Discussion: 8172978: Remove Interpreter TOS optimization

Thu Feb 16 15:40:49 UTC 2017

Hi Max,

Added a note to your bug. Interesting idea, but I think your data is
a bit incomplete at the moment.

Dan

On 2/15/17 3:18 PM, Max Ockner wrote:
> Hello all,
>
> We have filed a bug to remove the interpreter stack caching 
> optimization for jdk10.  Ideally we can make this change *early* 
> during the jdk10 development cycle. See below for justification:
>
> Bug: https://bugs.openjdk.java.net/browse/JDK-8172978
>
> Stack caching has been around for a long time and is intended to 
> replace some of the load/store (pop/push) operations with 
> corresponding register operations. The need for this optimization 
> arose before caching could adequately lessen the burden of memory 
> access. We have reevaluated the JVM stack caching optimization and 
> have found that it has a high memory footprint and is very costly to 
> maintain, but does not provide significant measurable or theoretical 
> benefit for us when used with modern hardware.
>
> Minimal Theoretical Benefit.
> Because modern hardware does not slap us with the same cost for 
> accessing memory as it once did, the benefit of replacing memory 
> access with register access is far less dramatic now than it once was. 
> Additionally, the interpreter runs for a relatively short time before 
> relevant code sections are compiled. When the VM starts running 
> compiled code instead of interpreted code, performance should begin to 
> move asymptotically towards that of compiled code, diluting any 
> performance penalties from the interpreter to small performance 
> variations.
>
> No Measurable Benefit.
> Please see the results files attached in the bug page.  This change 
> was adapted for x86 and sparc, and interpreter performance was 
> measured with Specjvm98 (run with -Xint).  No significant decrease in 
> performance was observed.
>
> Memory footprint and code complexity.
> Stack caching in the JVM is implemented by switching the instruction 
> look-up table depending on the tos (top-of-stack) state.
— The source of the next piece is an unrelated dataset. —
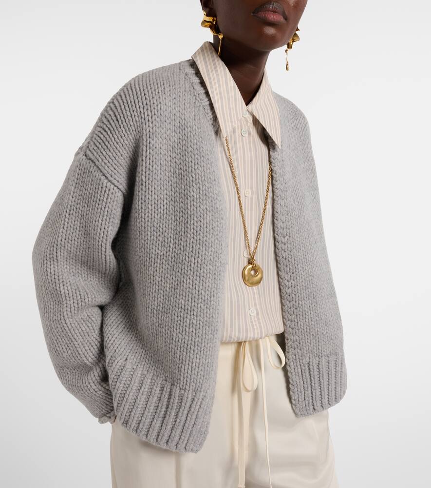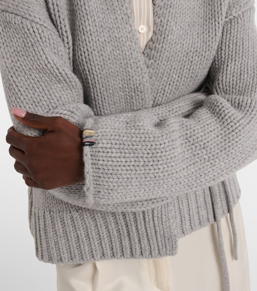 Extreme Cashmere использует пряжу, давшую название его имени, от монгольских коз, известных своей невероятно мягкой и эластичной шерстью. Кардиган Ginza связан из чистого кашемира с поясом, завязывающимся на резинке, для создания эффекта стягивания.

At any moment 
> there are is an active table consisting of one dispatch table for each 
> of the 10 tos states.  When we enter a safepoint, we copy all 10 
> safepoint dispatch tables into the active table.  The additional entry 
> code makes this copy less efficient and makes any work in the 
> interpreter harder to debug.
>
> If we remove this optimization, we will:
>   - decrease memory usage in the interpreter,
>   - eliminated wasteful memory transactions during safepoints,
>   - decrease code complexity (a lot).
>
> Please let me know what you think.
> Thanks,
> Max
>